┌────────

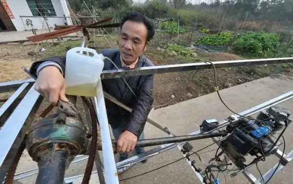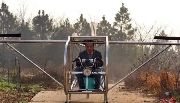 52-летний китайский фермер Ли Хушень из деревни Ганьчжоу в городском округе Милуо, провинция Хунань, собрал из металлолома действующую модель вертолета. Летательный аппарат народного умельца уже поднимается на 40 см от земли. Посмотрим, насколько далеко удастся фермеру улететь после доработок конструкции.
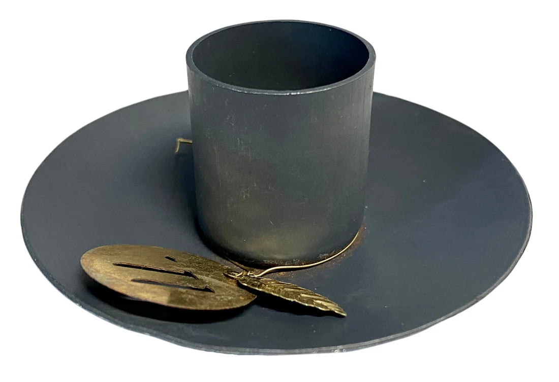 Fatto in metallo color antracite, si adatta con discrezione a tutte le apparecchiature e il dettaglio della fogliolina in ottone (che si può eventualmente togliere) dona raffinatezza al tutto.
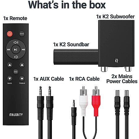 Majority K2 2.1-Ch. Soundbar w/ Wireless Subwoofer + Atlas Portable Soundbar
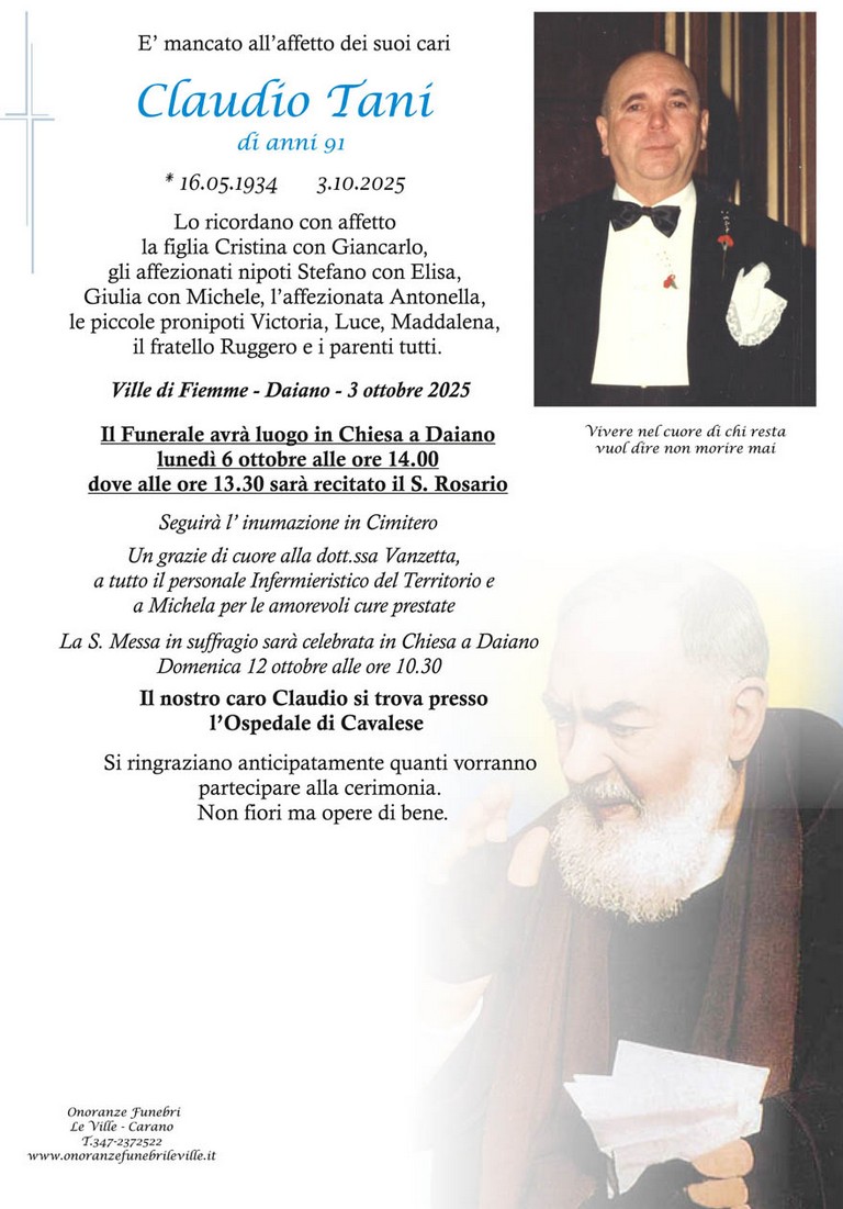 E' mancato Claudio Tani, 91 anni di Ville di Fiemme - Daiano - Fiemme e Fassa - utilità, eventi, cinema, notizie
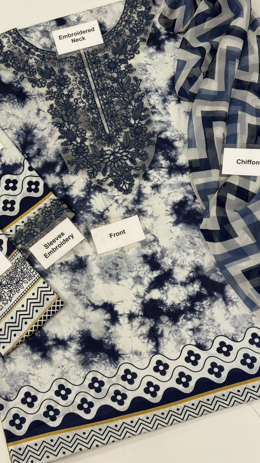 Elegant Lawn Suit with Chiffon Dupatta – Printed & Embroidered Design
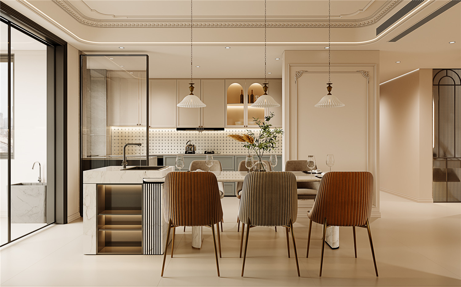 岛台旁,一列高挑的法式橱柜展现着非凡的气度,定制设计将恒温酒柜,管线机完美嵌入 6686官方版app,同时保留了充裕的收纳空间,让厨房用具井然有序,背景墙上,湖蓝色瓷砖如同法式庄园中的静谧湖泊,将用餐氛围渲染得更为宁静与优雅。
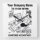 Reloj de pared de los Servicios de contabilidad con el nombre y número de la empresa que elija. Reloj para un contable.
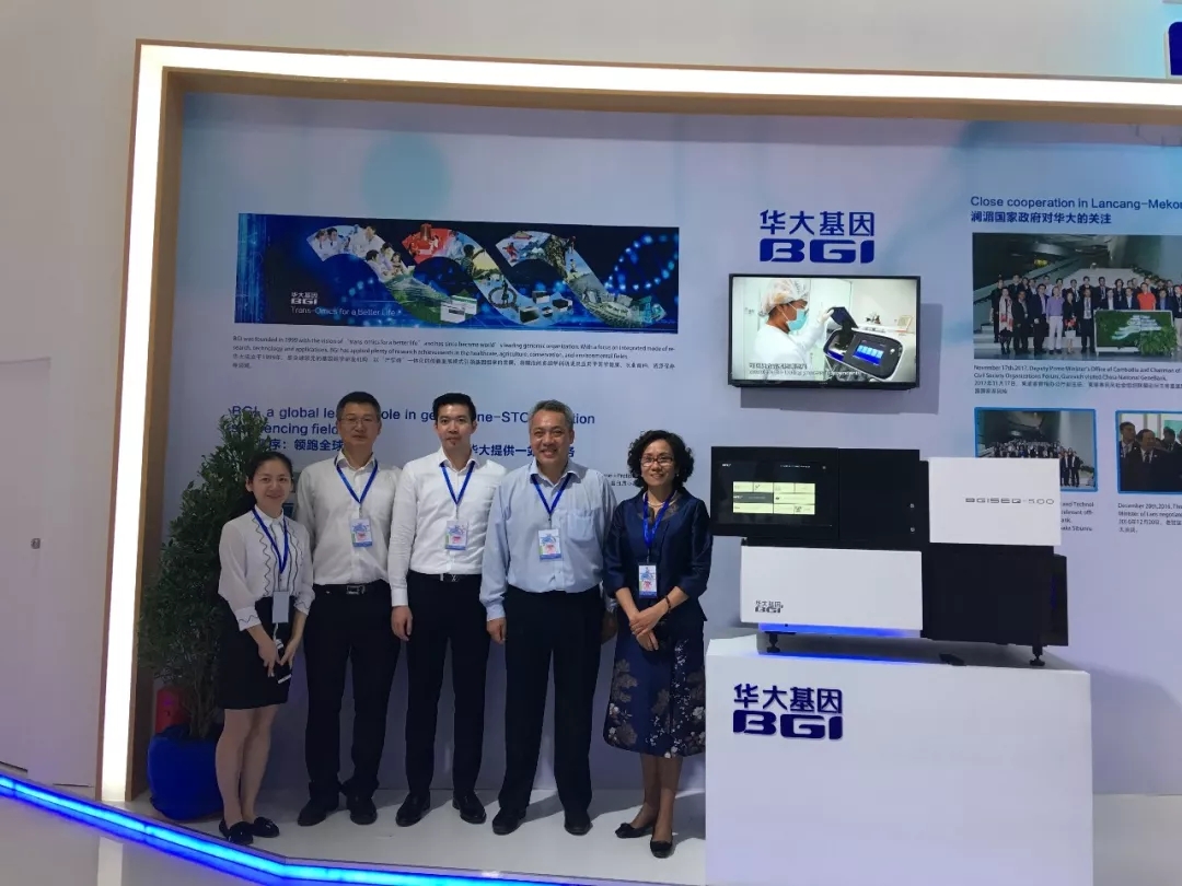 当地时间1月10日下午,国务院总理李克强在柬埔寨金边和平大厦广场与湄公河五国领导人共同参观澜沧江-湄公河合作成果展。该展览充分展示澜湄合作启动两年来取得的可喜成果及未来发展的巨大潜力。一直致力于为打造澜湄合作走廊贡献基因科技力量的华大集团集团也应邀参加了此次展览。在华大展位,华大集团集团执行副总裁余德健、华大亚太区总经理曹苏杰及企业社会责任总监陈松恒作为代表接待了李克强总理,并介绍了华大自主研发的测序仪及相关合作成果和计划。

└────────

Before you return the listing exactly, strip out its pictures.

→ Expected answer:
 52-летний китайский фермер Ли Хушень из деревни Ганьчжоу в городском округе Милуо, провинция Хунань, собрал из металлолома действующую модель вертолета. Летательный аппарат народного умельца уже поднимается на 40 см от земли. Посмотрим, насколько далеко удастся фермеру улететь после доработок конструкции.
 Fatto in metallo color antracite, si adatta con discrezione a tutte le apparecchiature e il dettaglio della fogliolina in ottone (che si può eventualmente togliere) dona raffinatezza al tutto.
 Majority K2 2.1-Ch. Soundbar w/ Wireless Subwoofer + Atlas Portable Soundbar
 E' mancato Claudio Tani, 91 anni di Ville di Fiemme - Daiano - Fiemme e Fassa - utilità, eventi, cinema, notizie
 Elegant Lawn Suit with Chiffon Dupatta – Printed & Embroidered Design
 岛台旁,一列高挑的法式橱柜展现着非凡的气度,定制设计将恒温酒柜,管线机完美嵌入 6686官方版app,同时保留了充裕的收纳空间,让厨房用具井然有序,背景墙上,湖蓝色瓷砖如同法式庄园中的静谧湖泊,将用餐氛围渲染得更为宁静与优雅。
 Reloj de pared de los Servicios de contabilidad con el nombre y número de la empresa que elija. Reloj para un contable.
 当地时间1月10日下午,国务院总理李克强在柬埔寨金边和平大厦广场与湄公河五国领导人共同参观澜沧江-湄公河合作成果展。该展览充分展示澜湄合作启动两年来取得的可喜成果及未来发展的巨大潜力。一直致力于为打造澜湄合作走廊贡献基因科技力量的华大集团集团也应邀参加了此次展览。在华大展位,华大集团集团执行副总裁余德健、华大亚太区总经理曹苏杰及企业社会责任总监陈松恒作为代表接待了李克强总理,并介绍了华大自主研发的测序仪及相关合作成果和计划。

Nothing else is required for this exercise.